*** EXERCISE DATA ***

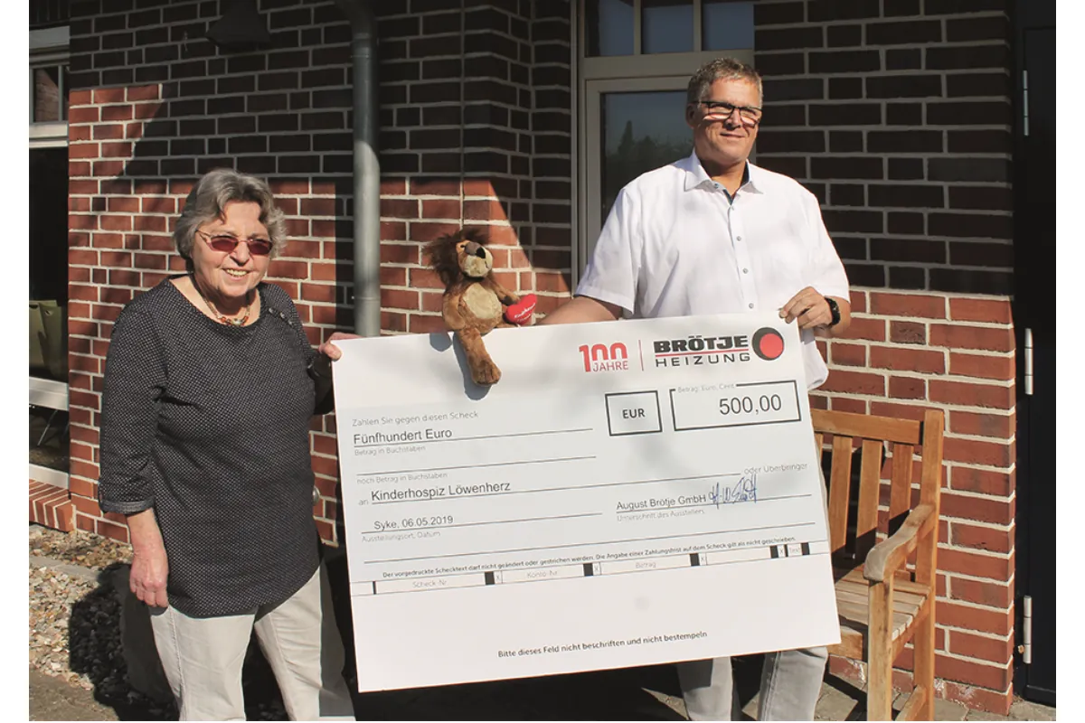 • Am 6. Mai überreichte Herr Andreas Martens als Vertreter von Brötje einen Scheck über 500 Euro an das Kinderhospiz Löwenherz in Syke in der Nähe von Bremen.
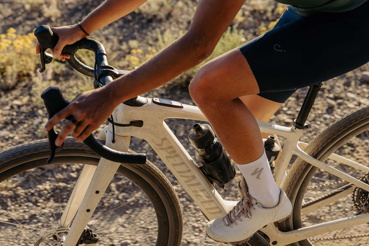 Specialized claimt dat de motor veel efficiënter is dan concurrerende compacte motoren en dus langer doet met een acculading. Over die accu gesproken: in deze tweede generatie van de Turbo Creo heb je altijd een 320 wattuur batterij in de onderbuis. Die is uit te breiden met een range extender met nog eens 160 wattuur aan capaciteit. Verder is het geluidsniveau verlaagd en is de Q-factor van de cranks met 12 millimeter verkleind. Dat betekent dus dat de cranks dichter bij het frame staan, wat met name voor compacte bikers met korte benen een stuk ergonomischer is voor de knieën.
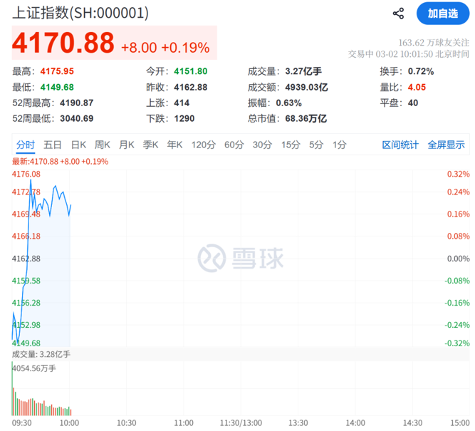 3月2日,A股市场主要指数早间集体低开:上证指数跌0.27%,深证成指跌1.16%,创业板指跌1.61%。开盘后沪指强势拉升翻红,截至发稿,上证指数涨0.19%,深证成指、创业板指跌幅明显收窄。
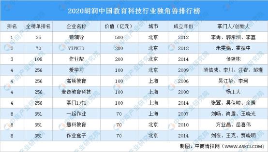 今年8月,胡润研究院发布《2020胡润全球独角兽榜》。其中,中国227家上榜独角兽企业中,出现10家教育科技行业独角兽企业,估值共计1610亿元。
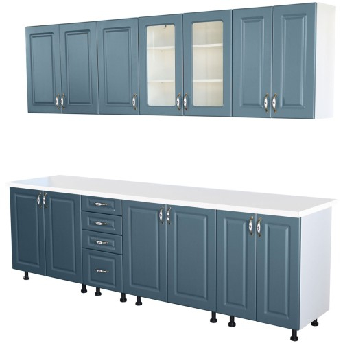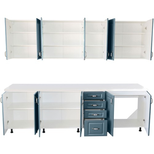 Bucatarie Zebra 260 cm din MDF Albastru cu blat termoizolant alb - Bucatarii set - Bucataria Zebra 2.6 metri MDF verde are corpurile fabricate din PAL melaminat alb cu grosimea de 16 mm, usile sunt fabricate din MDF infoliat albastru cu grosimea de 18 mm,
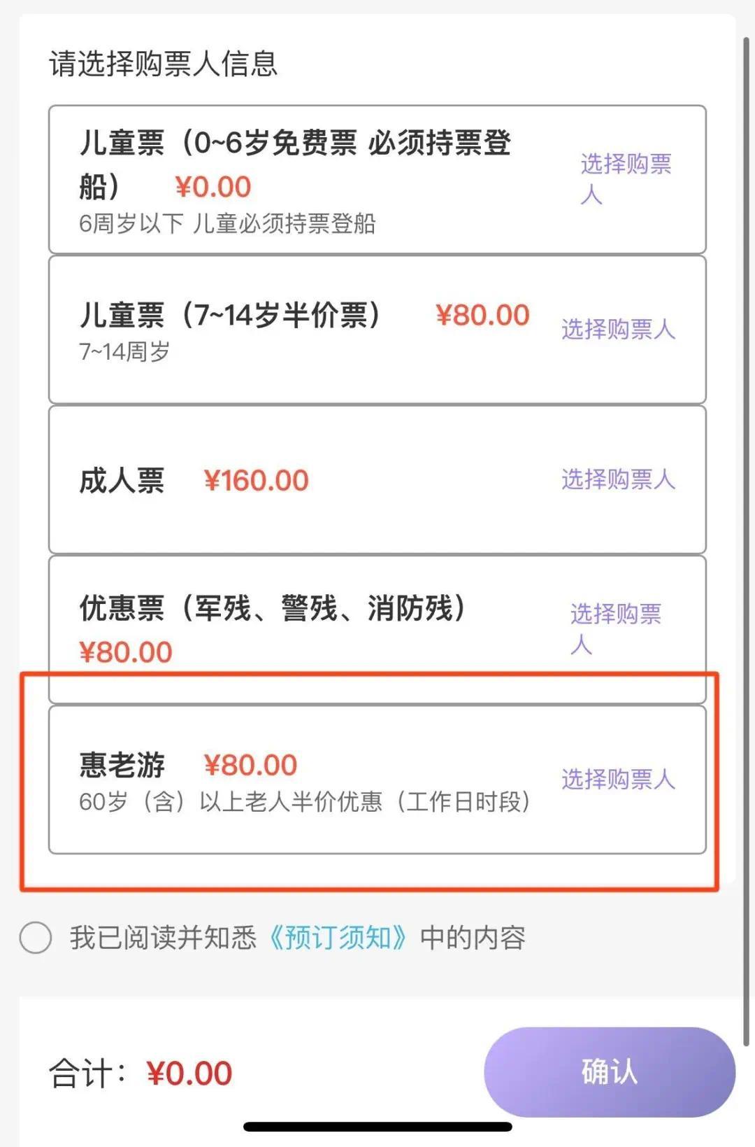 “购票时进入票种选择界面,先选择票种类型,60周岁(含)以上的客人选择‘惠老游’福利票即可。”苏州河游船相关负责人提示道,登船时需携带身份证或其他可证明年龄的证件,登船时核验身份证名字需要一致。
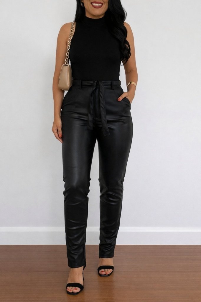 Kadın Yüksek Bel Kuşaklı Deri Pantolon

*** End of EXERCISE DATA ***
*** EXERCISE DATA ***

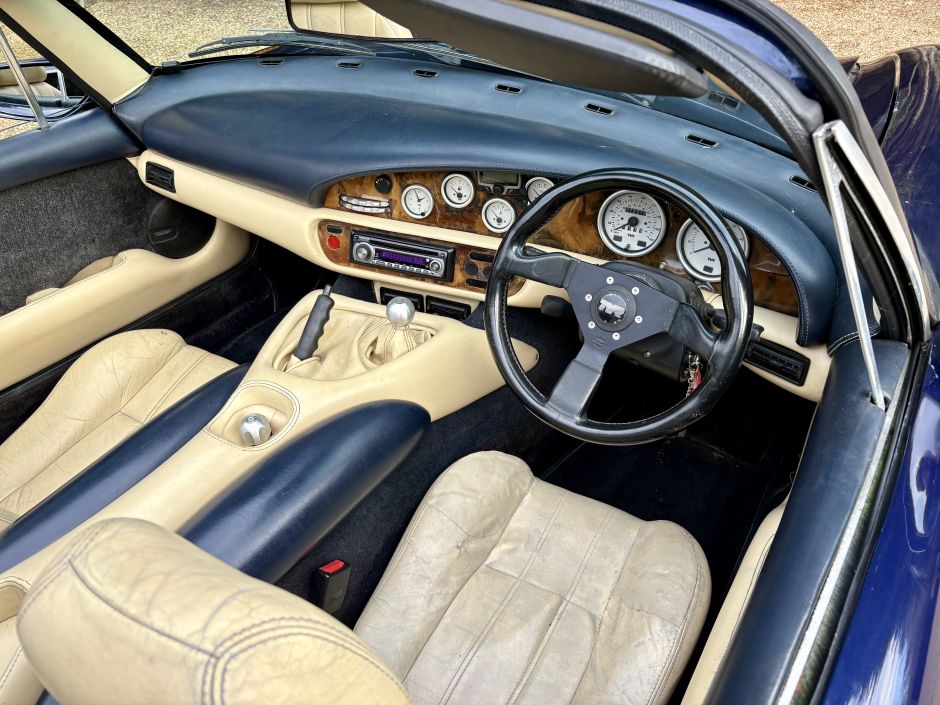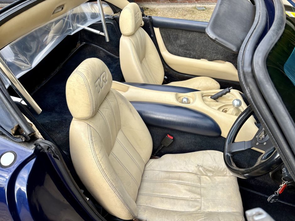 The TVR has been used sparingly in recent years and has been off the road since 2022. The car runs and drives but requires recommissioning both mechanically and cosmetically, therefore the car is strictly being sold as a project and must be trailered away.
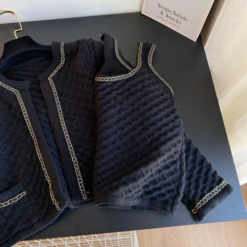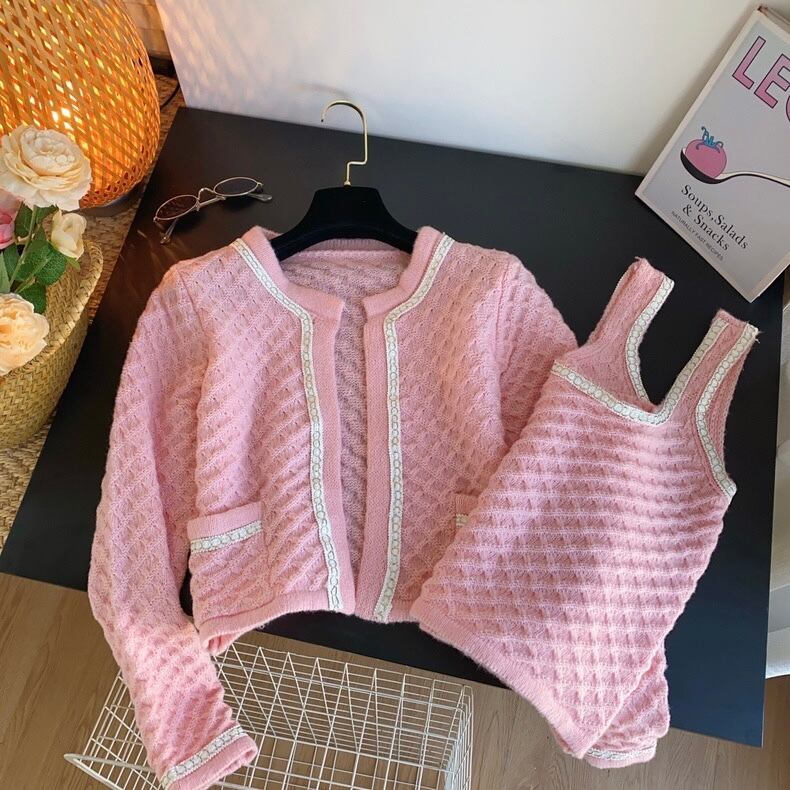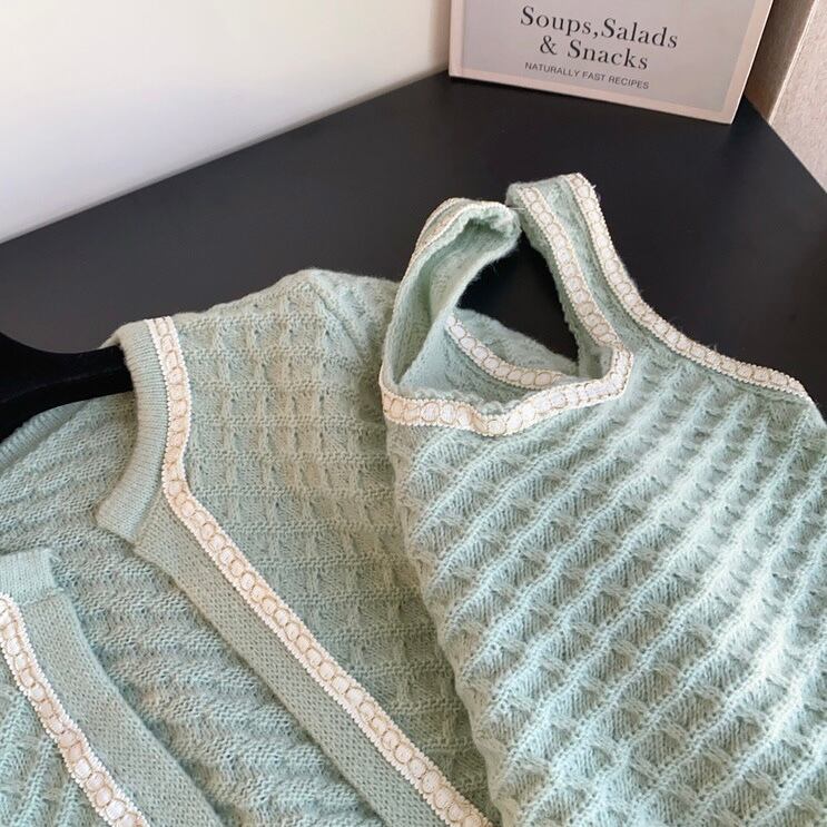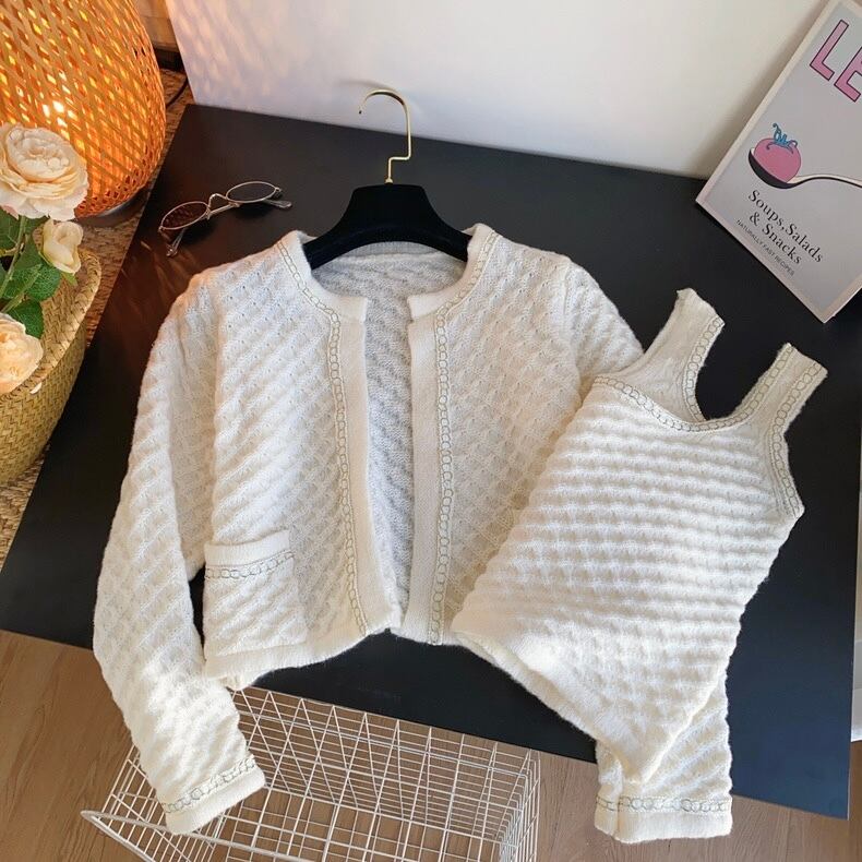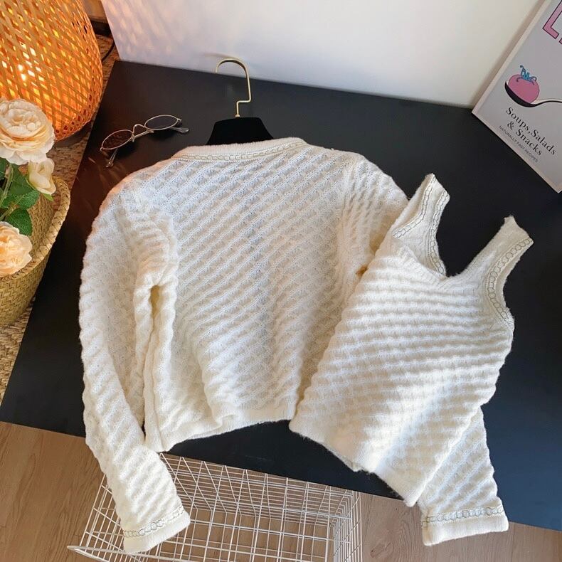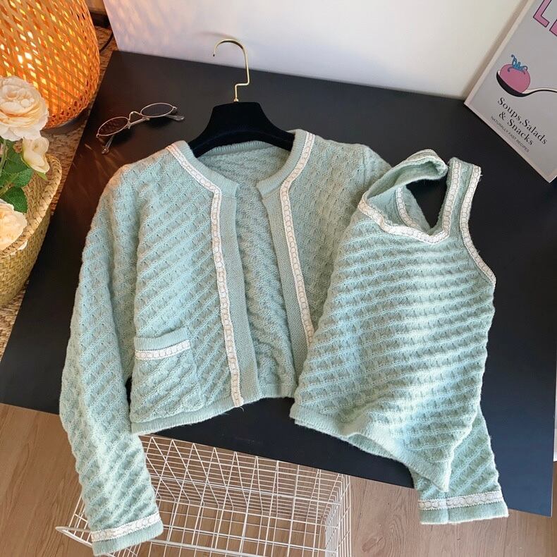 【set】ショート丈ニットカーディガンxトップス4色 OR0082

*** End of EXERCISE DATA ***

Working from the entries above, please transcribe only the lines from the line with "Nähe von Bremen." through the line with "今年8月,胡润研究院发布《2", exactly, with both end lines and without pictures.

= OUTPUT FOR THIS EXERCISE =
 • Am 6. Mai überreichte Herr Andreas Martens als Vertreter von Brötje einen Scheck über 500 Euro an das Kinderhospiz Löwenherz in Syke in der Nähe von Bremen.
 Specialized claimt dat de motor veel efficiënter is dan concurrerende compacte motoren en dus langer doet met een acculading. Over die accu gesproken: in deze tweede generatie van de Turbo Creo heb je altijd een 320 wattuur batterij in de onderbuis. Die is uit te breiden met een range extender met nog eens 160 wattuur aan capaciteit. Verder is het geluidsniveau verlaagd en is de Q-factor van de cranks met 12 millimeter verkleind. Dat betekent dus dat de cranks dichter bij het frame staan, wat met name voor compacte bikers met korte benen een stuk ergonomischer is voor de knieën.
 3月2日,A股市场主要指数早间集体低开:上证指数跌0.27%,深证成指跌1.16%,创业板指跌1.61%。开盘后沪指强势拉升翻红,截至发稿,上证指数涨0.19%,深证成指、创业板指跌幅明显收窄。
 今年8月,胡润研究院发布《2020胡润全球独角兽榜》。其中,中国227家上榜独角兽企业中,出现10家教育科技行业独角兽企业,估值共计1610亿元。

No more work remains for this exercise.